Part 4

92 9 0
                                    

Amanda dan Dokyeom memasuki ruang ICCU bersama-sama. Mereka mengganti dan mensterilkan pakaian dengan pakaian khusus pengunjung berwarna hijau toska. Tapi, Amanda masuk lebih dulu. Dilihatnya dengan seksama seorang gadis terbaring di tempat tidur dengan berbagai alat medis yang terpasang di tubuhnya. Saat itu adalah pertama kalinya Amanda melihat seseorang yang sekarat di rumah sakit. Bahkan hari itu adalah hari pertamanya kerumah sakit. Bagimana tidak? Ayahnya memiliki semua yang dibutuhkannya di rumah mereka. Dokter bedah, dokter umum, atau dokter spesialis yang handal disertai ruangan khusus untuk mereka bekerja.

Sejak kecil Amanda tak pernah pergi ketempat umum seperti kantor polisi, museum, atau rumah sakit. Jeon Jisub, ayahnya, memiliki semua yang dibutuhkannya dan tidak pernah mengajak Amanda keluar selain untuk jalan-jalan bersamanya. Selama ini gadis itu hanya melihat dunia dari spesifikasi ayahnya. Mungkin bukan hanya kali ini Amanda melihat orang sekarat di depan matanya. Tapi, baru hari ini gadis itu melihat langsung seorang gadis lain yang dikenalnya terbaring lemah di tempat tidurnya dengan semua perabotan medis menempel di tubuhnya, terambang di antara sadar dan tidak, terombang ambing di pintu kematian. Padahal boleh jadi kakaknya, Lee Dokyeom, adalah seorang detektif kelas satu yang tak pernah kekurangan uang. Tapi ternyata gadis itu, Lee Yeri, kehilangan sebagian dari kesempatannya untuk hidup.

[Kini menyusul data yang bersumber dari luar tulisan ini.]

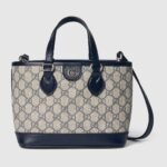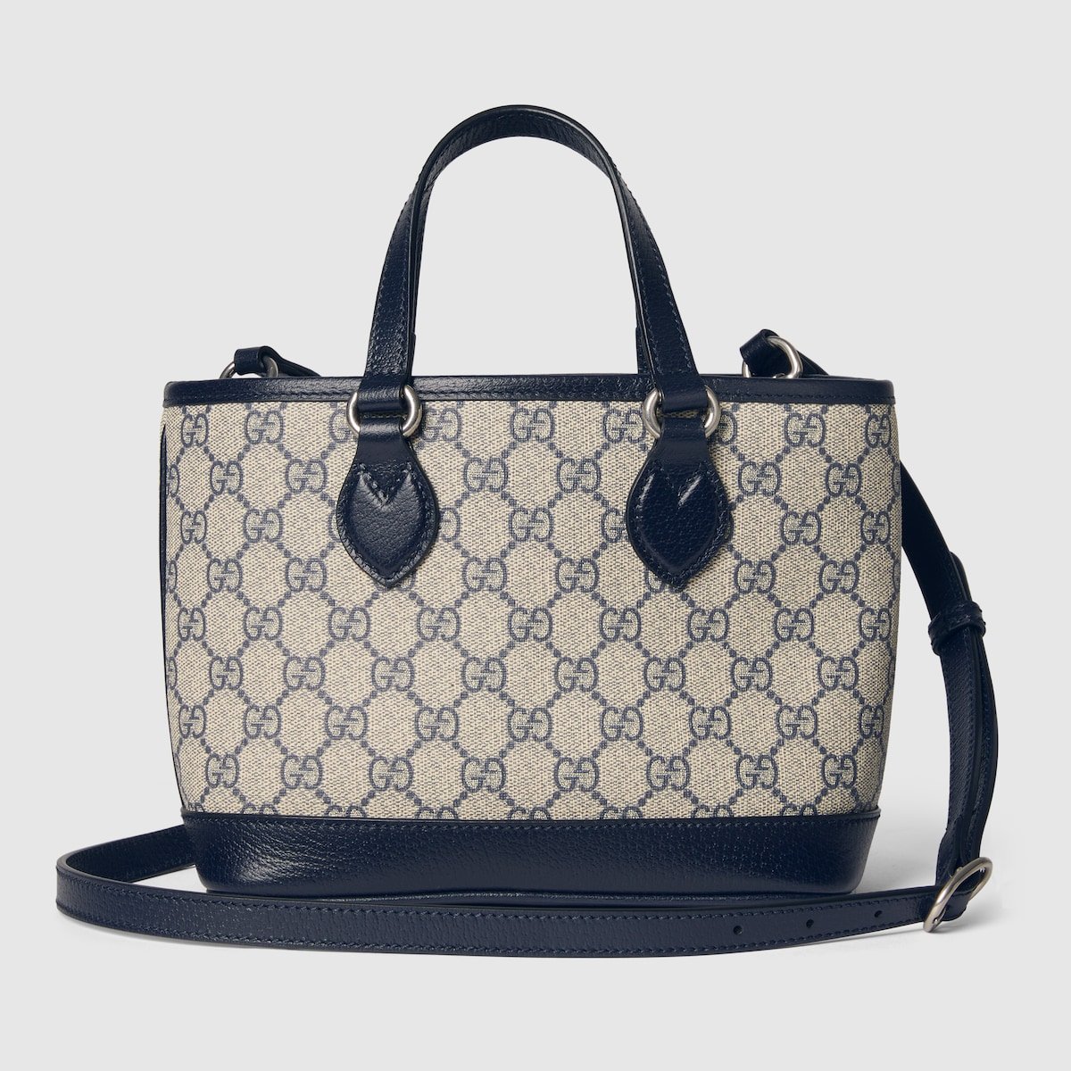 The Ophidia line is further elevated through new sizes and styles, like this mini tote bag which has a detachable pouch and detachable leather shoulder strap, allowing for versatile wear. The beige and blue GG Supreme canvas is complete with light gold-toned Double G hardware.

Dokyeom melangkah memasuki ruangan yang sama dengan Amanda, di mana Yeri terbaring tak sadarkan diri di sana. Dalam tidurnya, gadis itu terlihat tenang dan damai. Seolah tak memiliki beban apapun dalam ingatannya. Seolah tak sadar bahwa ia sedang berada di ambang kematiannya.

“Terima kasih.” Ucap Dokyeom tiba-tiba.

Amanda menatap pria itu sejenak, “Untuk apa?”

“Semuanya. Kau telah menyelamatkan adikku,” pria itu terhenti.

“Terima kasih banyak.” Lanjutnya tulus.

“Aku tidak melakukan apapun untuknya. Jangan membuatku terlihat seperti orang yang baik,” ucap Amanda pelan.

Dengan perlahan Amanda berbalik dan menuju ke pintu ruang ganti. Sementara Dokyeom hanya menatap punggung Amanda tanpa berkata apa-apa. Dokyeom tahu bahwa gadis itu berniat untuk meninggalkan mereka di sini. Cukup. Sudah cukup campur tangan Amanda kali ini. Ia tak boleh lagi membantu mereka lebih dari ini. Karena jika itu terjadi, bisa jadi Dokyeom akan mengetahui jati dirinya yang asli.

“Aku tidak bisa terus menerus memagari diri dengan benteng pengendaliku. Dia seorang detektif yang handal dan cukup teliti. Aku tak ingin terlibat lebih jauh dengan orang-orang yang bisa membahayakan keluargaku…” pikir Amanda.

***

Pagi itu mentari telah keluar dari peraduannya. Sinar keemasannya yang hangat tengah menyeruak masuk ke dalam setiap tirai kamar yang belum terbuka, berniat membangunkan tukang tidur yang masih asyik dalam mimpi mereka. Tapi, Amanda membuka matanya tiba-tiba. Gadis itu bangun dengan dengan napas terengah-engah seperti biasa. Tangan mungilnya meraba meja kecil di samping ranjang dan mengambil segelas air lalu meminumnya cepat. Detik berikutnya ia menghela napas sambil menyeka keringat yang mengucur sebasar biji jagung di keningnya. Untuk beberapa saat Amanda termenung. Masih terlintas jelas dalam bayangannya suara melengking seorang gadis kecil yang kesakitan.

“Amanda?” seorang gadis berambut hitam lurus panjang serta berponi itu menatap Amanda.

“Amanda?” kali ini ia melambaikan tangannya di depan wajah Amanda.